- **EXERCISE INSTRUCTIONS**
Please give back, word for word, only the lines starting at the one containing "白からグレーに横向きのグラデ" and ending at the one containing "of January 2010." within the material below.

- **DATASET**

BEGIN

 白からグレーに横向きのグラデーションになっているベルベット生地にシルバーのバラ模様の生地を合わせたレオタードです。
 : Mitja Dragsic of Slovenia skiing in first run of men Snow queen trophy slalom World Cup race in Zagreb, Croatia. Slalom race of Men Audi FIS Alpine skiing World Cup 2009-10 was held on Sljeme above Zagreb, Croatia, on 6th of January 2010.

END
BEGIN

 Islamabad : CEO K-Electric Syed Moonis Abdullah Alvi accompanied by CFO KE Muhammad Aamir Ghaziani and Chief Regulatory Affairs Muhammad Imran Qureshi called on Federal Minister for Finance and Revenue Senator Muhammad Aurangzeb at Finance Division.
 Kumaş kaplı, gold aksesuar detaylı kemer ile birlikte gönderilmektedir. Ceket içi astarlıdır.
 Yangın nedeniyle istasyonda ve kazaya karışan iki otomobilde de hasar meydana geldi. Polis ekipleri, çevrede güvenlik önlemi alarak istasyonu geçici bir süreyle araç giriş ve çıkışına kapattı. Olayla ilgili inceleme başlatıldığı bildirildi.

END

- **SOLUTION FOR THIS PROBLEM**
 白からグレーに横向きのグラデーションになっているベルベット生地にシルバーのバラ模様の生地を合わせたレオタードです。
 : Mitja Dragsic of Slovenia skiing in first run of men Snow queen trophy slalom World Cup race in Zagreb, Croatia. Slalom race of Men Audi FIS Alpine skiing World Cup 2009-10 was held on Sljeme above Zagreb, Croatia, on 6th of January 2010.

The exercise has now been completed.